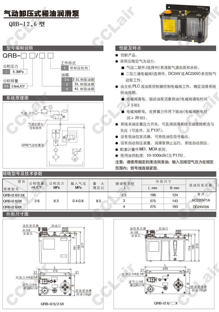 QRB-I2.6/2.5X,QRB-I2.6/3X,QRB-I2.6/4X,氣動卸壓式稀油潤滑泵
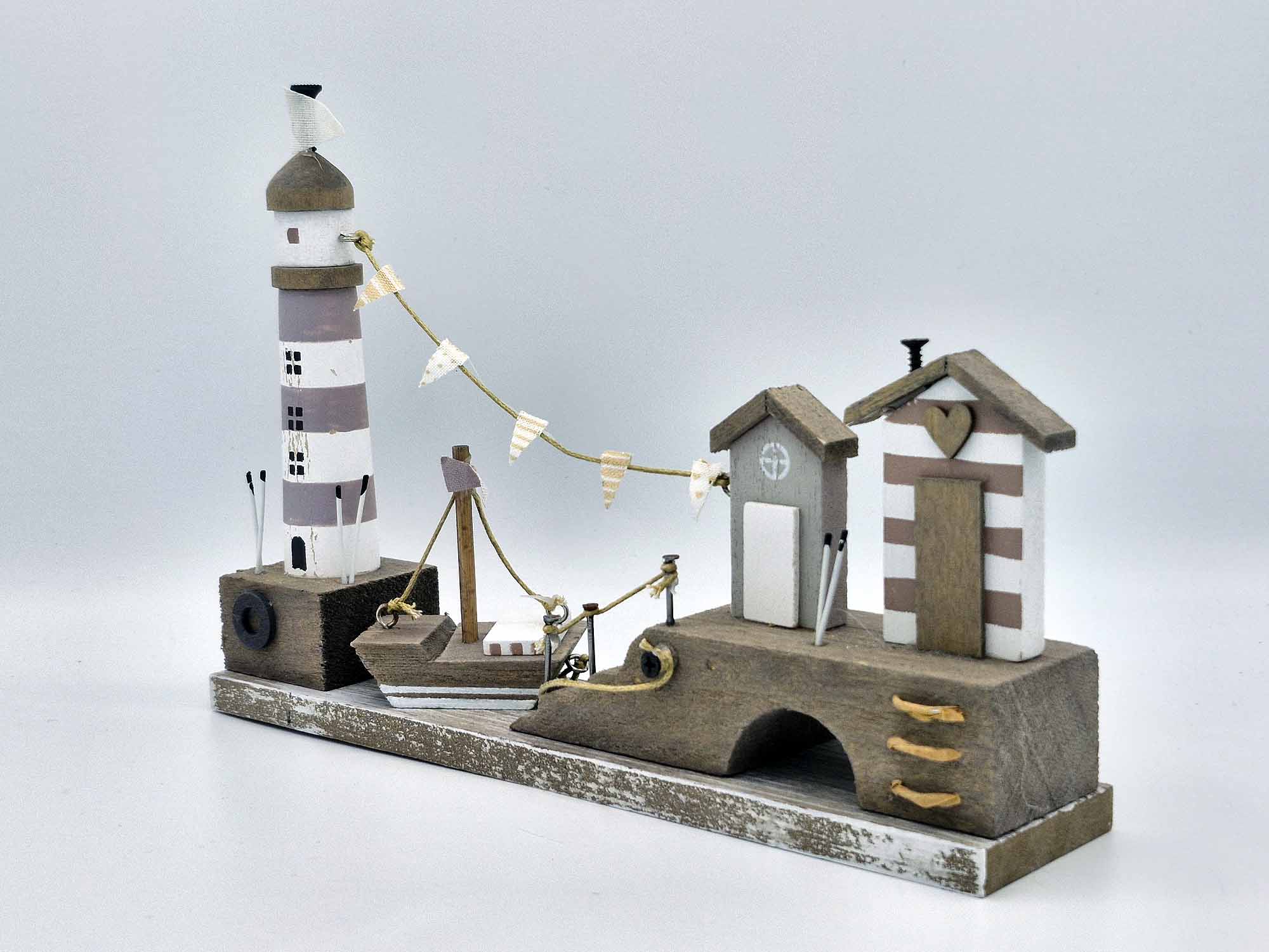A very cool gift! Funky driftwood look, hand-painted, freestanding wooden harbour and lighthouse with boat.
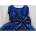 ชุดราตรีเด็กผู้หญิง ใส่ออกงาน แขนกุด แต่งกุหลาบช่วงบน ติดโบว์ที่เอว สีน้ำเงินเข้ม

Task objective
Extract only the lines from the line containing "A very cool" through the final line of the listing above, unchanged; pictures stay out of the copy.

Solution to the problem
A very cool gift! Funky driftwood look, hand-painted, freestanding wooden harbour and lighthouse with boat.
 ชุดราตรีเด็กผู้หญิง ใส่ออกงาน แขนกุด แต่งกุหลาบช่วงบน ติดโบว์ที่เอว สีน้ำเงินเข้ม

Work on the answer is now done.